The Enlightenment itself was another major concern for Wokler. He rejected interpretations that presented eighteenth-century thought as a straightforward intellectual precursor to the violence and totalitarianism of the twentieth century. Instead, he argued that the Enlightenment had to be understood in the context of its opposition to religious persecution and intolerance. He saw its commitment to toleration, personal freedom and resistance to sectarianism and fanaticism as responses to experiences of religiously motivated violence. These values, he believed, remained important in the modern world. His position was also shaped by contemporary events, particularly the ethnic cleansing in Bosnia, which deeply disturbed him. He wanted to write about his mother's experiences during the Second World War as a way of confronting political indifference to human suffering. He was also interested in the intellectual careers of refugees who had fled fascism and communism, including Isaiah Berlin and Ernst Cassirer.

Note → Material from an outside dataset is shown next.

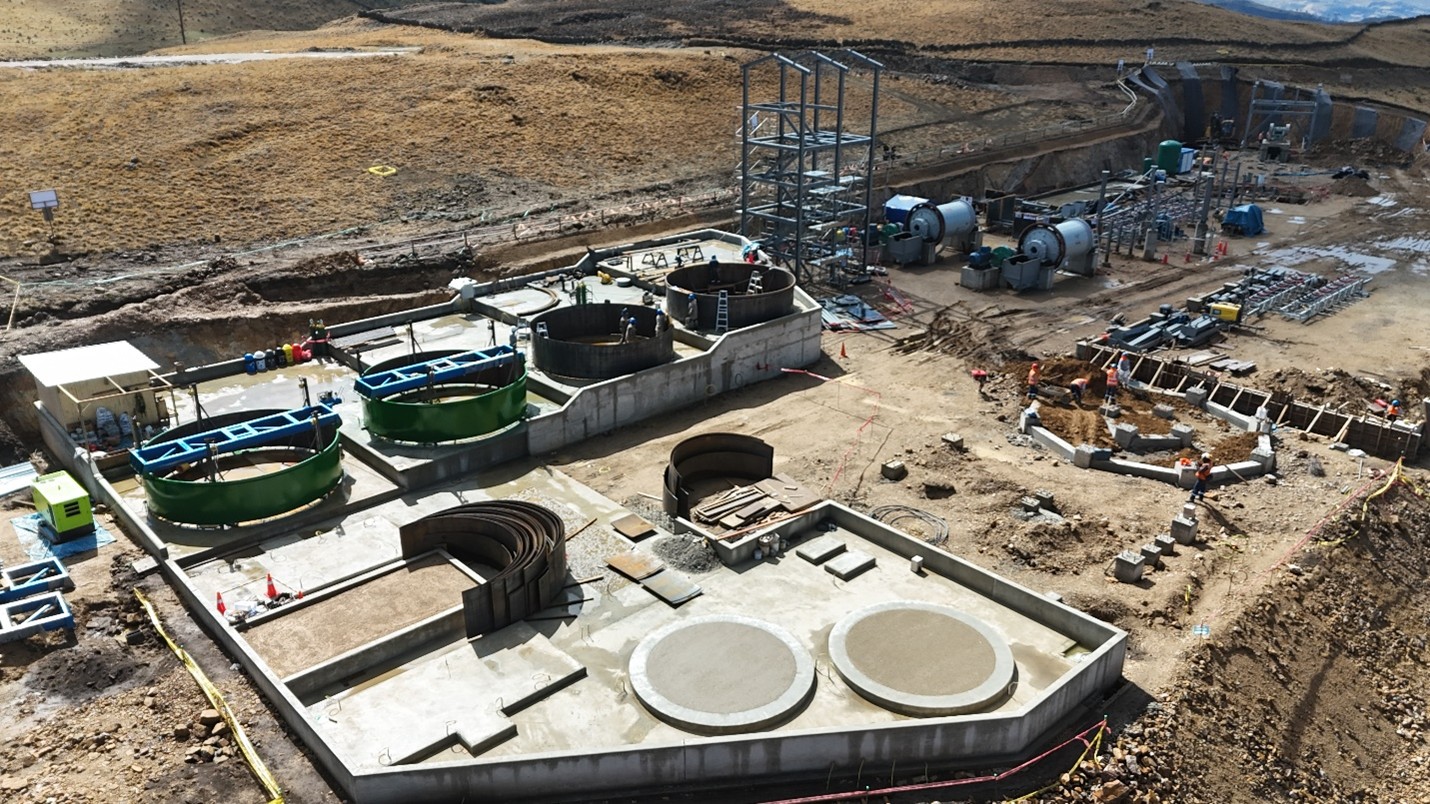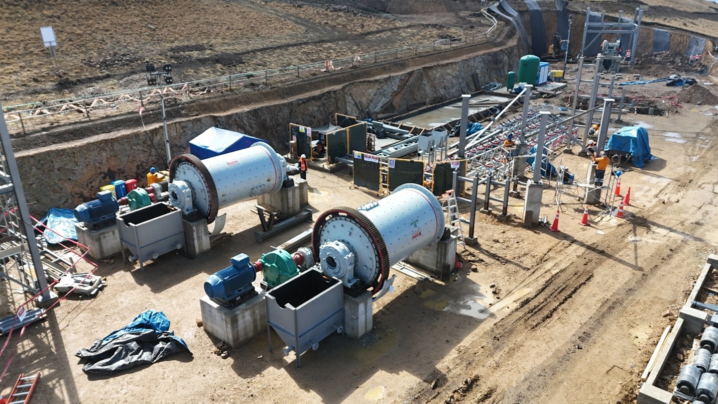 The EPC contractor has installed the two 7'x12' ball mills and jaw crusher. The mill motors and reduction gearboxes are also in place and the ring gears installed. Several metal structures such as the cyclone tower, fines hopper, coarse ore hopper, and conveyor belt support structures are also being assembled.

Despite his extensive scholarship, Wokler left several ambitious projects unfinished. Among the books he hoped to write were Rousseau's Enlightenment, which would have explored the intellectual contexts of Rousseau's work; The Enlightenment Roots of Anthropology; and The Transfiguration of the Body Politic, a study of the state power as a ghostly representation of the people. He also planned a work examining the Enlightenment and its critics, in which he would have defended the diversity and vitality of eighteenth-century thought against interpretations influenced by thinkers such as Theodor Adorno and Max Horkheimer. The fact that many of these projects remained incomplete reflected not a lack of ideas but the extraordinary range of his scholarly interests and his willingness to devote time to collaborative and editorial projects.

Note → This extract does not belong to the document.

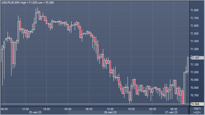 Рубль на азиатских торгах в среду, 27 мая, оставался стабильным и даже на 1 копейку улучшил свой лучший уровень предыдущего дня: USDRUB снизился до 70,59 и достиг нового минимума с 9 марта.
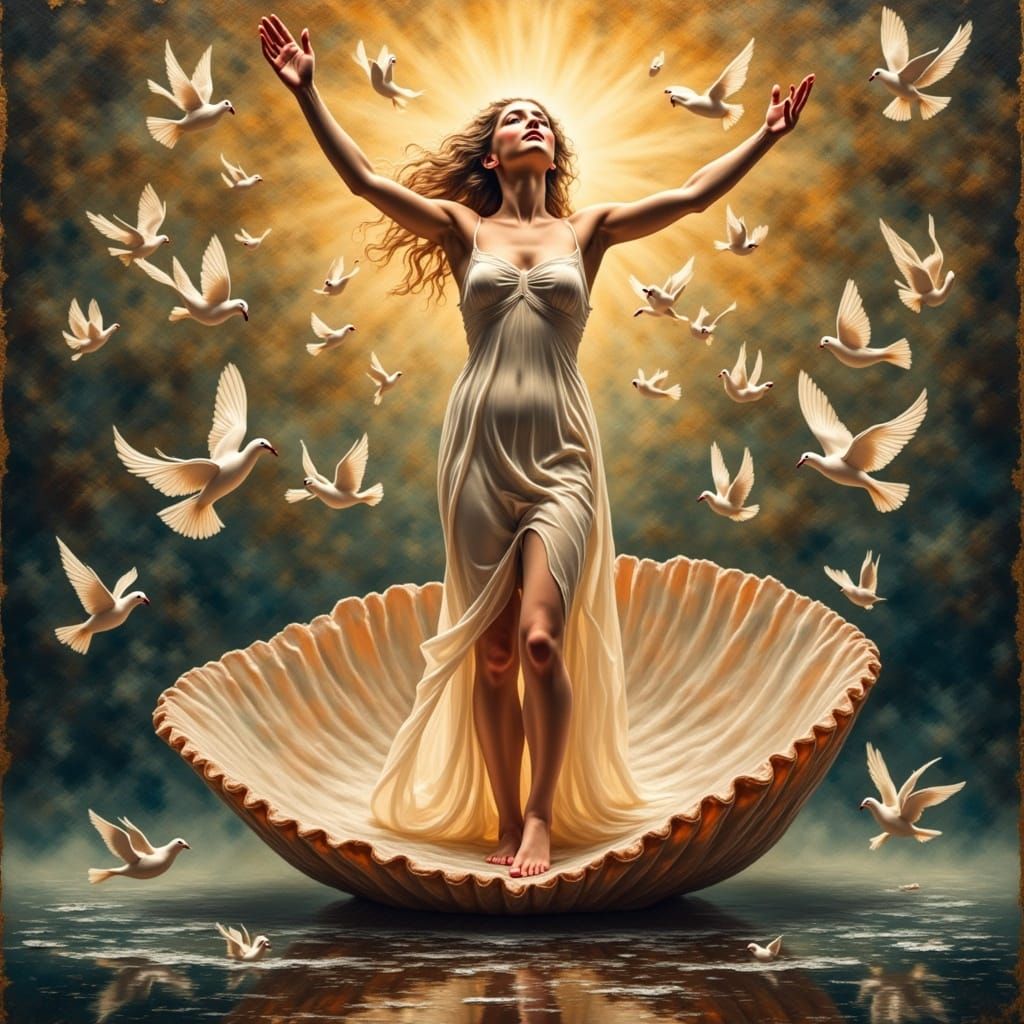 This image depicts a goddess standing triumphantly on a scallop shell, surrounded by cherubs and doves, amidst a radiant aura of golden light, with delicate sea foam caressing her feet. The artwork combines elements of Fauvist and Pre-Raphaelite styles, evoking a dreamlike quality.

Wokler was deeply involved in the work of other scholars as well. He assisted Maurice Cranston with his multi-volume biography of Rousseau and worked on Ralph Leigh's edition of Rousseau's correspondence. He also re-edited John Plamenatz's Man and Society and, with John Hope Mason, published a selection of Diderot's political writings. One of his major editorial achievements was the Cambridge History of Eighteenth-Century Political Thought, which was completed shortly before his death and published posthumously. A number of materials from his collection relating to Rousseau and Diderot are now held by the University of Cambridge, further reflecting his lasting contribution to the preservation and study of eighteenth-century intellectual history.

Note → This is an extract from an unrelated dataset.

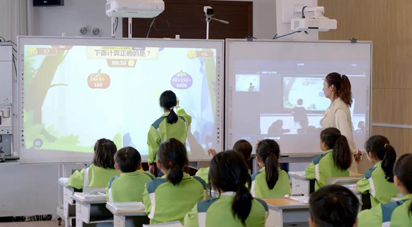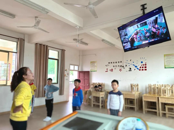 如今,老師在一體機(jī),就可以給兩地展開直播啟動(dòng)、同步游戲、同步書寫等操作。

Wokler's own single-authored publications were relatively few compared with the enormous quantity of his essays and collaborative work. His doctoral thesis was eventually published in 1987 as Rousseau on Society, Politics, Music and Language. His other major book was Rousseau, first published after 1995 for the Oxford Past Masters series and later reissued in 2001 as Rousseau: A Very Short Introduction. Despite its brevity, this book has been regarded as an especially effective introduction to Rousseau's ideas, demonstrating Wokler's ability to combine detailed scholarship with an accessible style.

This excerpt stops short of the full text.